The problem with the thok is that it doesn't fit the level design. The two have to go hand in hand. The thok works because of its simplicity, but the level design isn't built around it and so it ends up becoming too dangerous for new players. If the level design was built more around complimenting the thok so that players can grow their skill with it naturally without constantly getting themselves killed by overshooting their jumps, new players wouldn't be having an issue with it.
Part of the reason so many of us that have played the game for longer are so passionate about the thok is likely in part due to the fact that the levels never used to have this problem. Back in the day when there was only Greenflower, Techno Hill, and Castle Eggman, there weren't many if any bottomless pits in the game. The levels were structured more like playgrounds for us to practice our movement in, and so since the thok wasn't getting us killed we were able to grow our skills more naturally over time.

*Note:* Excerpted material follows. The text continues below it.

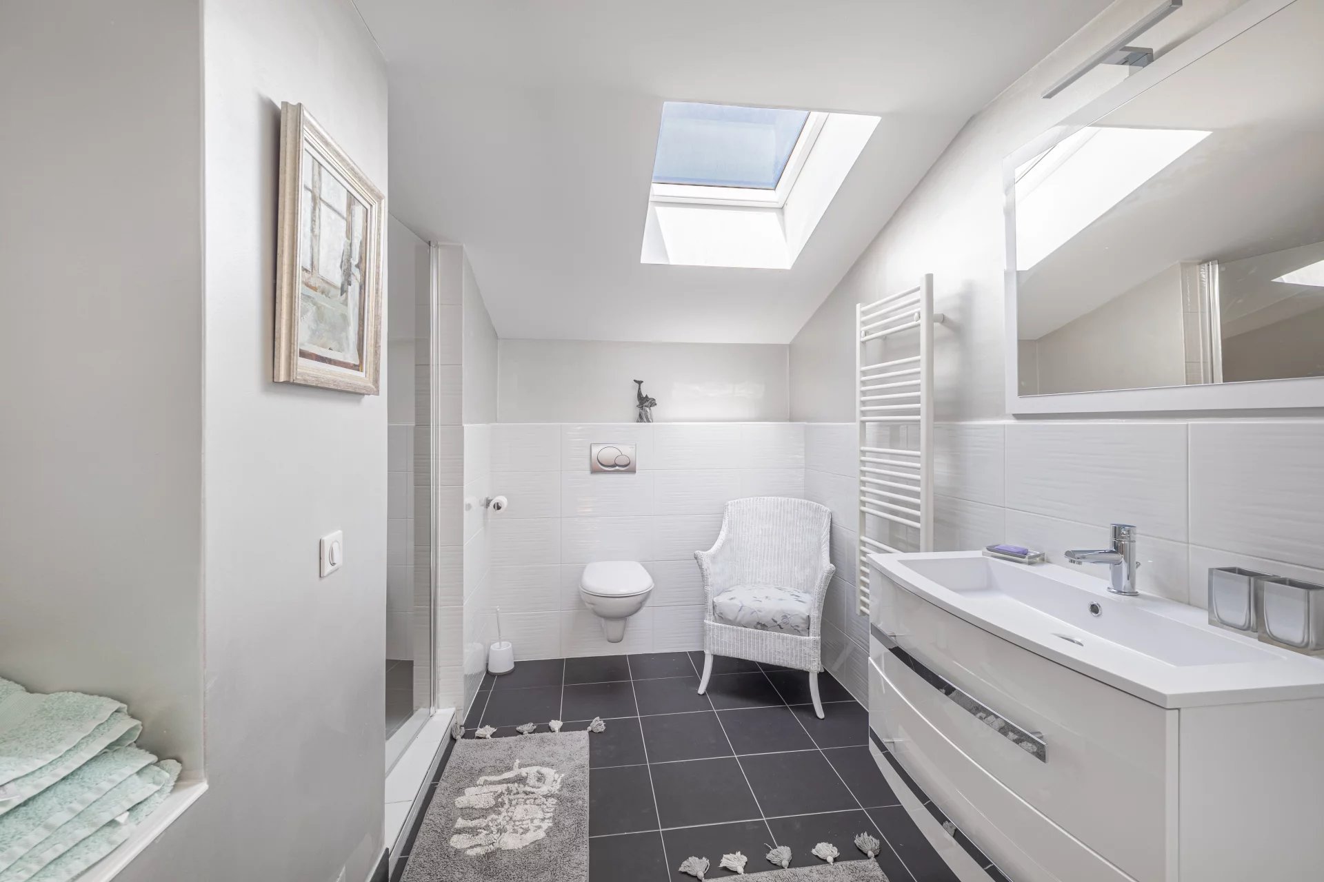 Upstairs, two additional en-suite bedrooms provide privacy, including one with access to a spacious rooftop terrace that captures west-facing views and the evening sun. A large loft storage space adds extra practicality.

If you travel along the timeline a bit to start to notice when the thok started to get treated as a problem, it's after some of the newer levels got added and the older levels (in particular Castle Eggman) got redesigned. Now, instead of the levels being built safe for the thok, they're starting to resemble hallways littered with bottomless pits. SRB2 might actually be starting to become one of the Sonic games that uses bottomless pits (and close equivalents) the most, opting for a design mentality of suspending pathways in the middle of giant chasms that seem to be demanding the player to slow down and be careful to progress, with many of these obstacles being unavoidable during progression.
The solution is to chill a bit with the death hazards. Stop leaning on platforming sections that demand inexperienced players to slow down or else face death as a level design crutch and section these types of level design off into their own optional pathways for the experienced players.
As for the Power Spin, I still want to reserve judging it too much, but I do definitely agree with the sentiments getting passed around that it's too complicated. If you can't expect new players to be able to figure out something as simple as the thok, it's only going to get worse when new players have to figure out the context sensitivity of every little nuance to the power spin. It kind of flies in the very face of the simple design that 2D Sonic (and even 3D Sonic) is known for, and tries to give Sonic a toolset he doesn't need.
Tails and Knuckles are the vertical characters. Sonic is about speed. He goes fast by rolling and jumping. The thok compliments this by giving him a tool to redirect his momentum in 3D space. Overshoot a jump? You can turn around and thok back to the platform for a safe landing. Sharp corners? Change direction on a dime with a well placed thok. These are skills that players will develop naturally over time if the level design isn't punishing them for using it.